[Stored items]
######

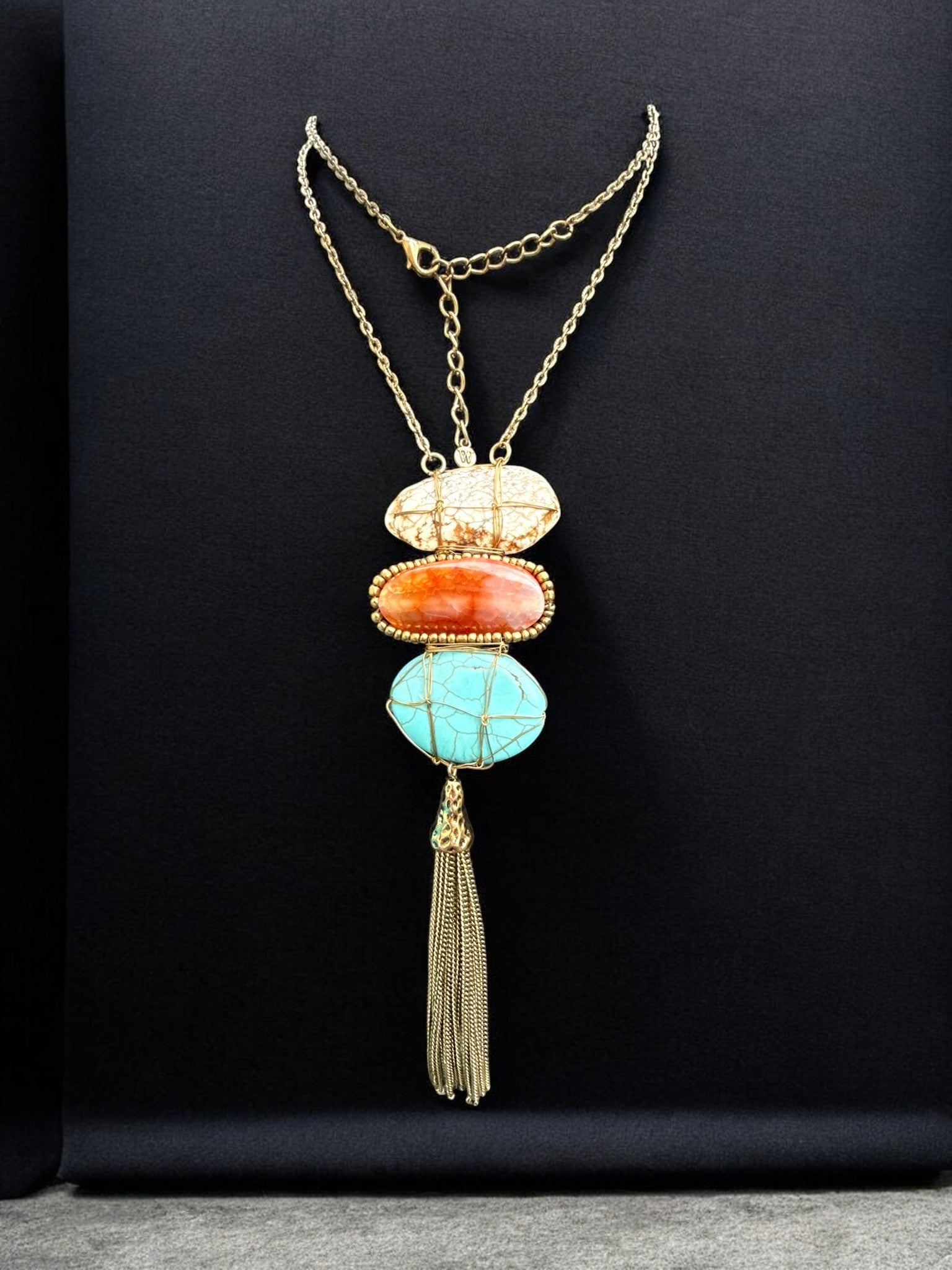 The Golden Canyon Tassel Necklace is a bold, earthy statement piece that blends rich color with effortless boho glamour. Featuring a stacked trio of marbled stones in warm ivory, sunset amber, and vibrant turquoise, each stone is delicately wrapped in gold-toned wire for an artisanal, one-of-a-kind feel. A cascading gold tassel adds movement and drama, creating a striking vertical silhouette that elongates the neckline. Finished on a coordinating gold chain with adjustable length, this necklace is perfect for adding warmth, texture, and Southwestern-inspired elegance to everything from denim and tees to flowing dresses.
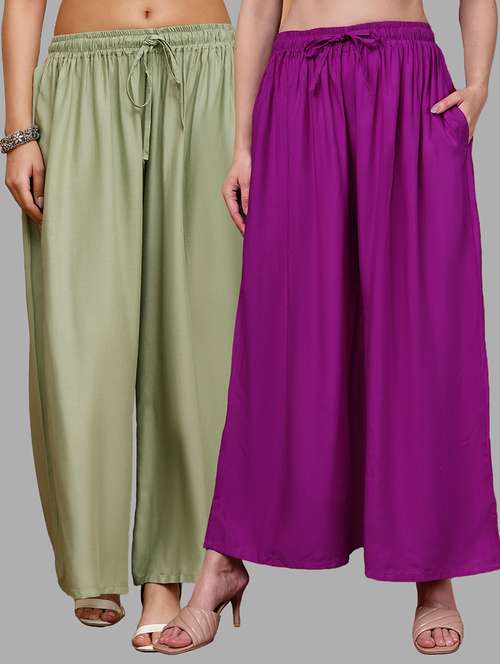 Upgrade your collection of warm-weather staples with these top-notch Magenta and Pista Green Plus Pocket Palazzos combo's by Valles365. Pair them with a flowy tee and lace-up sandals for a super chic look.
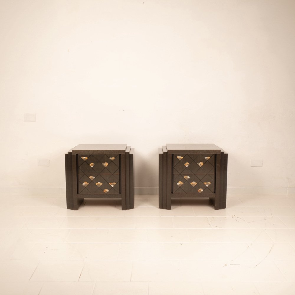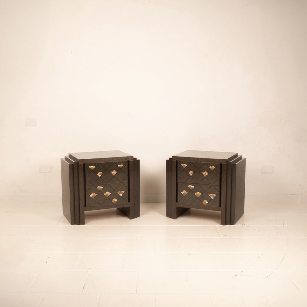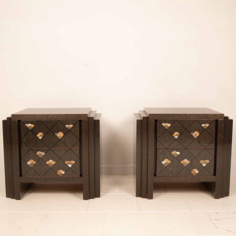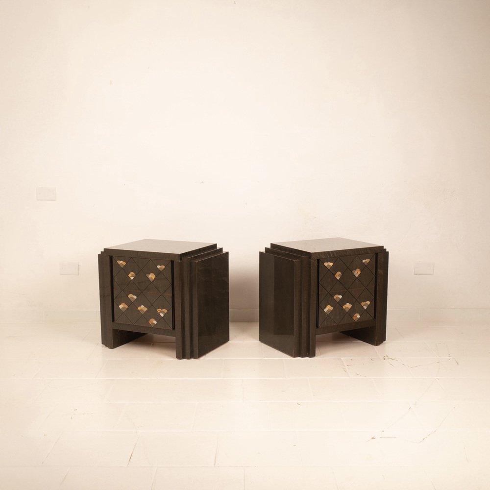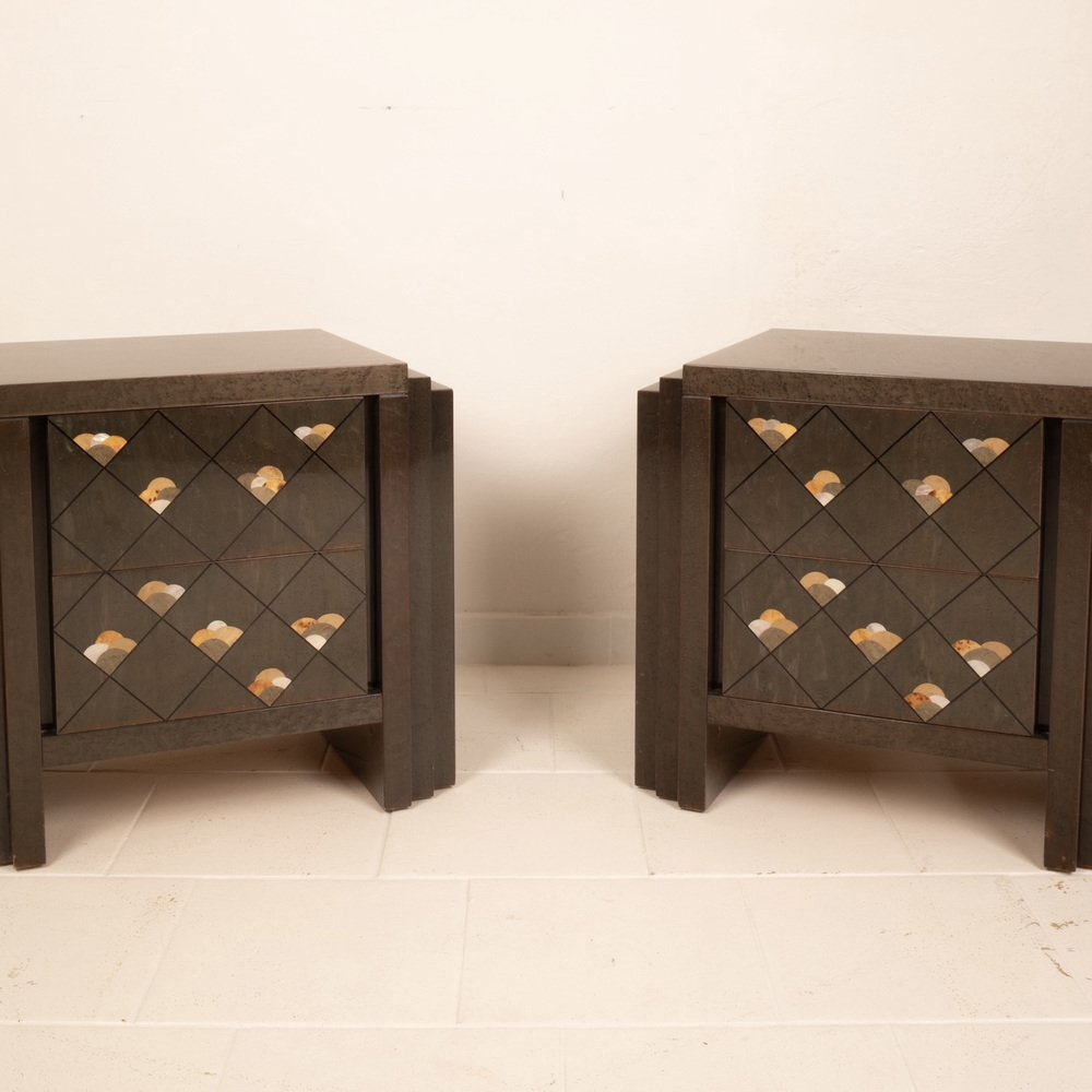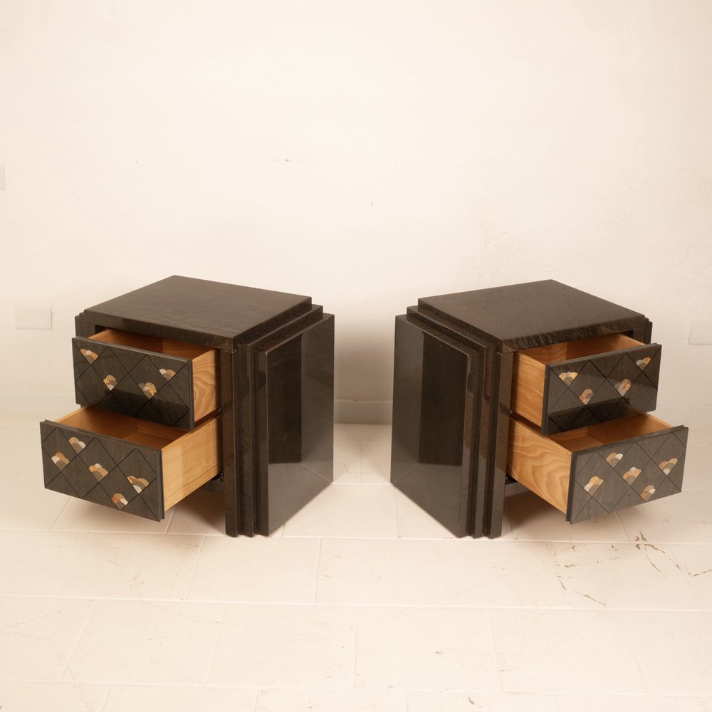 Extraordinario par de mesillas de noche diseñadas por Luciano Frigerio para Frigerio di Desio a principios de la década de 1980.
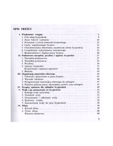 SPIS TREŚCI I. Wiadomości wstępne 1. Cele usług fryzjerskich 2. Zarys historii uczesania 3. Powstanie i rozwój rzemiosła fryzjerskiego 4. Cechy współczesnego fryzjera 5. Charakterystyka absolwenta zasadniczej szkoły fryzjerskiej . . . . 6. Uzupełnianie wykształcenia zawodowego 7. Bezpieczeństwo i higiena pracy fryzjera II. Podstawowe narzędzia, przybory i aparaty fryzjerskie 1. Narzędzia podstawowe 2. Narzędzia pomocnicze 3. Przybory 4. Aparaty fryzjerskie Konserwacja i naprawa aparatów 5. Bielizna III. Organizacja stanowiska roboczego 1. Celowość i planowanie w pracy fryzjera 2. Warunki lokalowe 3. Przygotowanie stanowiska roboczego do zabiegów 4. Postawa podczas pracy, ekonomika ruchów, czas zabiegów . . . . IV. Przepisy sanitarne dla zakładów fryzjerskich V. Woda i jej zastosowanie we fryzjerstwie 1. Rodzaje wody naturalnej 2. Twardość wody 3. Oczyszczanie i odkażanie wody 4. Roztwory wodne 5. Zastosowanie wody do prac fryzjerskich VI. Włosy 1. Korzeń włosa 2. Trzon włosa Warstwa rdzeniowa 9 9 10 23 23 24 25 26 27 27 33 34 37 42 43 45 45 46 47 47 49 52 52 53 55 56 56 58 59 60 60 3 VII. VIII. IX. X. XI. 4 Warstwa korowa Łuska włosowa 3. Rodzaje włosów oraz kształty i układ włosów na głowie Włosy wełniste — meszek włosowy Włosy szczeciniaste Włosy długie 4. Wzrost, obumieranie i wypadanie włosów 5. Budowa chemiczna włosa Barwnik włosowy 6. Właściwości fizyczne włosów 7. Ogólne wiadomości o kwasach, zasadach i solach 8. Rozróżnianie jakości włosów długich Mycie głowy 1. Przybory i środki do mycia włosów 2. Przebieg mycia głowy Środki do dezynfekowania i do tamowania krwi 1. Dezynfekcja 2. Środki do odkażania skóry i tamowania krwi Golenie zarostu i głowy 1. Narzędzia, przybory i środki stosowane przy goleniu 2. Dobieranie i ostrzenie brzytew 3. Dezynfekowanie brzytew i pędzli 4. Przygotowania przed goleniem 5. Namydlanie 6. Zasady i sposoby golenia 7. Wskazania bhp przy goleniu 8. Wykończanie golenia zarostu 9. Stosowanie masażu 10. Golenie głowy Strzyżenie włosów krótkie, półkrótkie i półdługie 1. Czynności wstępne 2. Narzędzia i przybory do strzyżenia 3. Techniki strzyżenia 4. Strzyżenie krótkie 5. Strzyżenie całkowite 6. Strzyżenie półkrótkie i półdługie Ondulacja wodna 1. Przybory i środki do ondulacji wodnej 2. Przygotowanie włosów do ondulacji wodnej 3. Różne techniki ondulacji wodnej 4. Suszenie włosów 5. Czesanie i nadawanie fryzurze zaplanowanej formy 6. Tapirowanie i jego wpływ na włosy 7. Sposoby utrwalania fryzury i nadawania włosom połysku . . . . 8. Uczesanie dzienne, wieczorowe i artystyczne 61 62 63 63 64 64 66 67 68 69 71 73 78 78 80 86 86 88 90 90 91 95 95 96 97 100 101 102 103 105 105 106 107 111 113 114 115 115 116 116 124 124 125 126 126 XII. Ondulacja trwała 1. Ogólne wiadomości o ondulacji trwałej 2. Zmiany w budowie włosów wskutek ondulacji trwałej 3. Różnice w przeprowadzaniu zabiegów zależnie od stanu włosów . . 4. Przeciwwskazania przy wykonywaniu trwalej ondulacji 5. Pielęgnowanie włosów po trwałej ondulacji 6. Rodzaje trwałej ondulacji 7. Trwała ondulacja na gorąco Przygotowania do trwałej ondulacji na gorąco Ondulacja trwała elektryczna Ondulacja trwała parowa Ondulacja trwała kompresowa 8. Trwała ondulacja na zimno Mycie i strzyżenie włosów Nasączanie włosów Nawijanie włosów Utrwalanie 9. Inne rodzaje trwałej ondulacji Trwała ondulacja na ciepło Trwała ondulacja na kwaśno XIII. Ondulacja żelazkowa 1. Przygotowanie włosów do ondulacji 2. Narzędzia i przybory do ondulacji 3. Zasady i sposoby wykonywania ondulacji XIV. Rozjaśnianie włosów 1. Rozjaśnianie zwykłe Przyrządzanie roztworu wody utlenionej Działanie wody utlenionej na włosy i skórę Przyspieszenie działania wody utlenionej Zapobieganie wysuszeniu włosów Niejednolita chłonność włosów i jej wpływ na rozjaśnienie . . . . Sposoby rozjaśniania Zabezpieczenie odzieży klientki i skóry głowy Nakładanie papki na włosy Określanie czasu rozjaśniania Kontrolowanie przebiegu rozjaśniania Mycie włosów i spłukiwanie kwasami Sposoby rozjaśniania odrostów Stosowanie płukanek 2. Rozjaśnianie wodą utlenioną z dodatkiem środków zagęszczających 3. Rozjaśnianie włosów białą henną 4. Inne środki do rozjaśniania włosów 5. Błędy popełniane przy rozjaśnianiu XV. Barwienie włosów 1. Rodzaje farb do włosów Farby roślinne 128 128 131 133 135 136 136 137 138 140 141 144 145 148 149 152 155 156 156 157 159 159 161 161 167 170 170 171 171 172 174 175 175 175 177 177 178 179 179 180 180 181 181 183 183 184 5 XVI. XVII. XVIII. XIX. XX. XXI. XXII. A Farby metaliczne (odsiwiacze) Farby anilinowe 2. Przeciwwskazania przy farbowaniu 3. Zabezpieczenie skóry przed podrażnieniem związkami aniliny . . . 4. Przygotowanie włosów do farbowania 5. Przyrządzanie farby 6. Mechanizm przenikania farby do wnętrza włosa 7. Nakładanie farby na włosy 8. Ustalanie czasu działania farby 9. Mycie włosów Mycie szamponami bezalkalicznymi Szkodliwość stosowania szamponów oleistych, emulsji oraz natłuszczania włosów bezpośrednio po farbowaniu 10. Farbowanie włosów szpakowatych 11. Farbowanie odrostu 12. Farbowanie rozjaśniające 13. Plukanki i środki barwiące 14. Dostosowanie odcieni włosów do karnacji skóry Strzyżenie męskie pełne 1. Strzyżenie pełne z włosów krótkich 2. Strzyżenie specjalne 3. Posługiwanie się żurnalem przy doborze fryzury 4. Techniki strzyżenia Modelowanie fryzury 1. Zasady oraz sposoby czesania i układania fryzur aparatem do suszenia 2. Praca nasadką grzebykową 3. Praca nasadką płaską Strzyżenie brody i wąsów 1. Zasady dobierania kształtu zarostu do typu urody 2. Modelowanie żelazkiem 3. Pielęgnowanie brody i wąsów Strzyżenie damskie do określonej linii uczesania Wykonywanie wyrobów z włosów 1. Rodzaje wyrobów z włosów 2. Rodzaje włosów używanych do wyrobów 
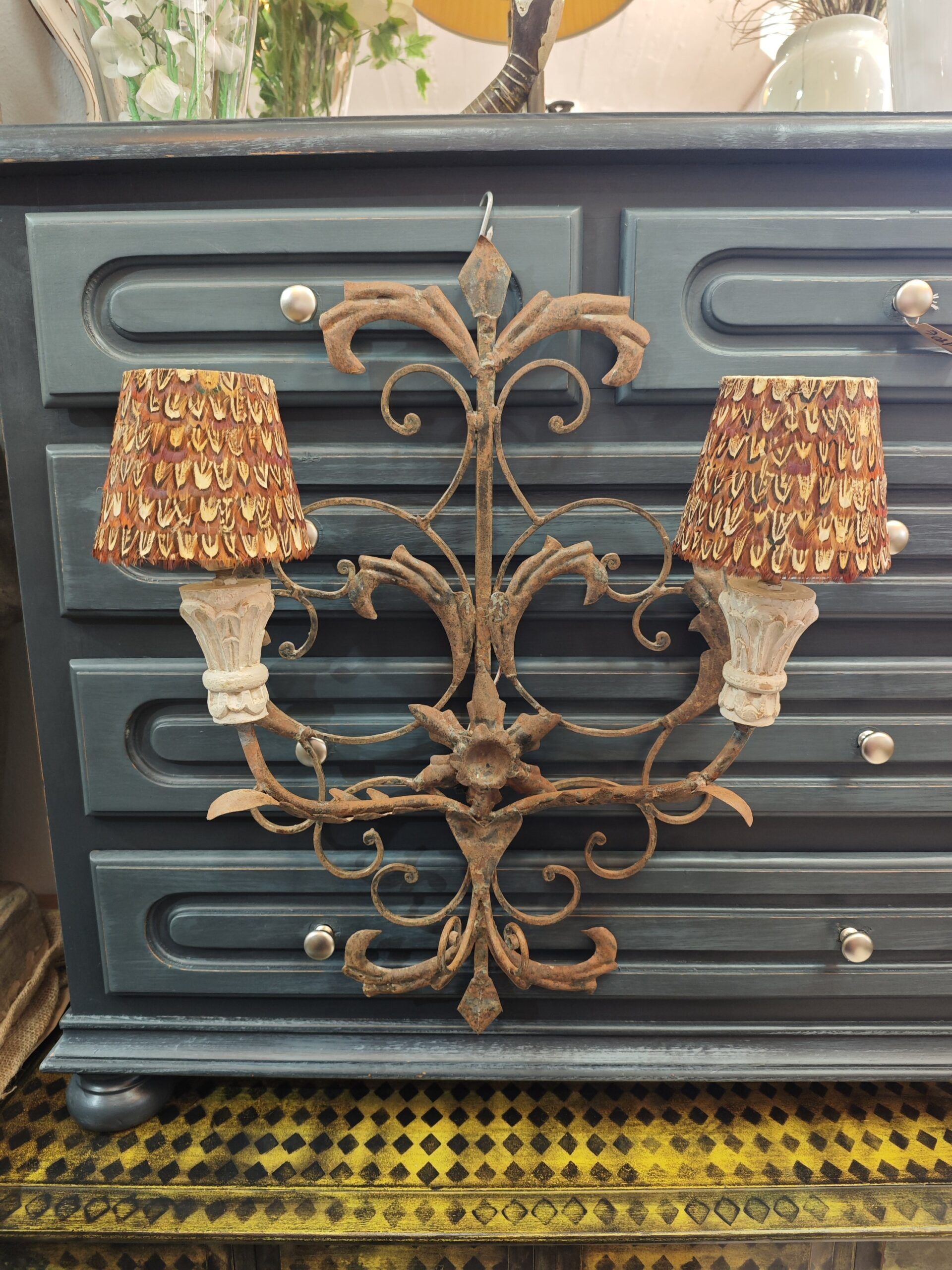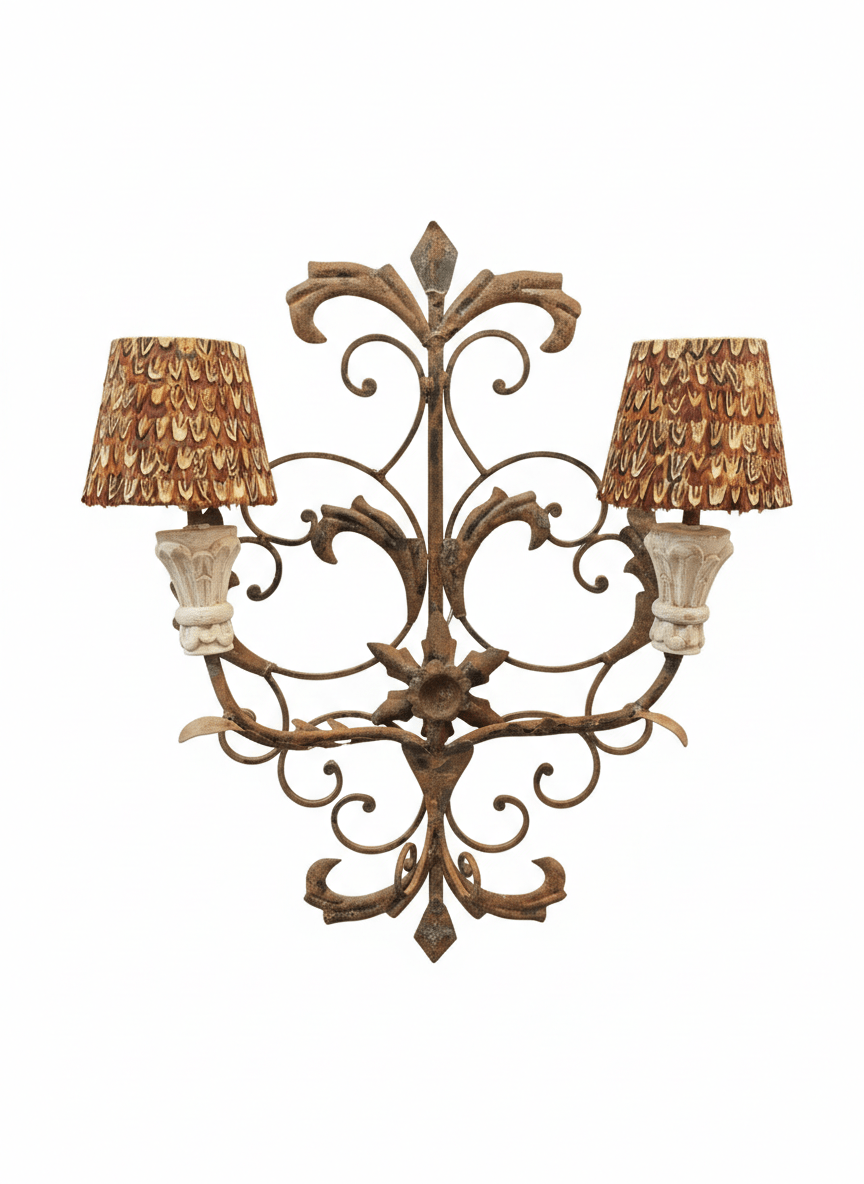 La combinación de texturas entre el metal rígido y la suavidad de las plumas permite una difusión de luz cálida y ambiental, ideal para crear atmósferas acogedoras en dormitorios, salones o recibidores elegantes. Su fabricación robusta garantiza estabilidad, mientras que su estilo artístico lo convierte en el punto focal de cualquier pared. Es una pieza clave para proyectos de interiorismo de lujo, estilo art déco o ambientes modernos que buscan un elemento distintivo y refinado.
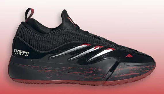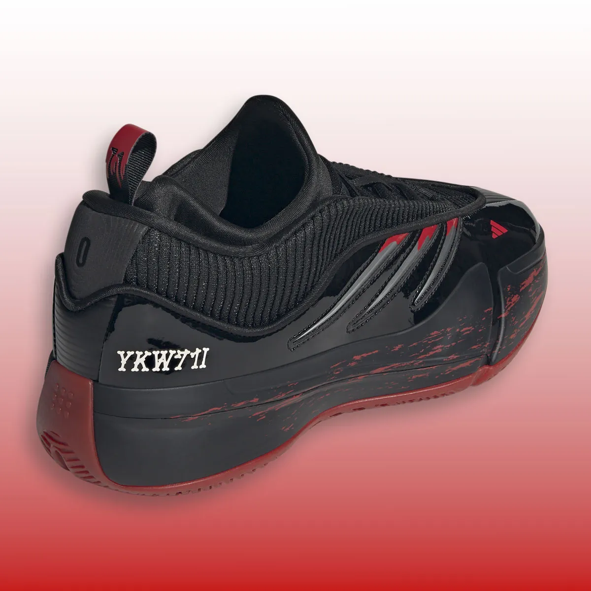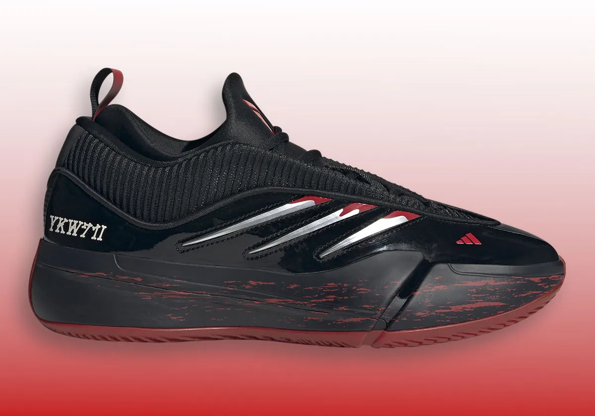 Cette nouvelle version de la neuvième chaussure signature de Damian Lillard se distingue en effet par sa tige ornée d’une base en cuir verni noir, complétée par une partie supérieure en mesh. Les trois bandes ressortant en gris sur l’empeigne sont dessinées en forme de lames et assorties d’un rouge sanglant. La semelle noire est également tachetée de rouge. On retrouve enfin le sigle « YKW71I » en blanc au niveau du talon, qui ferait notamment référence à son surnom “Dame Time” ainsi qu’à son match record à 71 points.

######

■ **WHAT YOU NEED TO DO**
With the pictures removed, print only the lines starting at the line that has "Upgrade your collection" and ending at the line that has "Extraordinario par de", both ends included, exactly as they stand above.

■ **TASK ANSWER**
 Upgrade your collection of warm-weather staples with these top-notch Magenta and Pista Green Plus Pocket Palazzos combo's by Valles365. Pair them with a flowy tee and lace-up sandals for a super chic look.
 Extraordinario par de mesillas de noche diseñadas por Luciano Frigerio para Frigerio di Desio a principios de la década de 1980.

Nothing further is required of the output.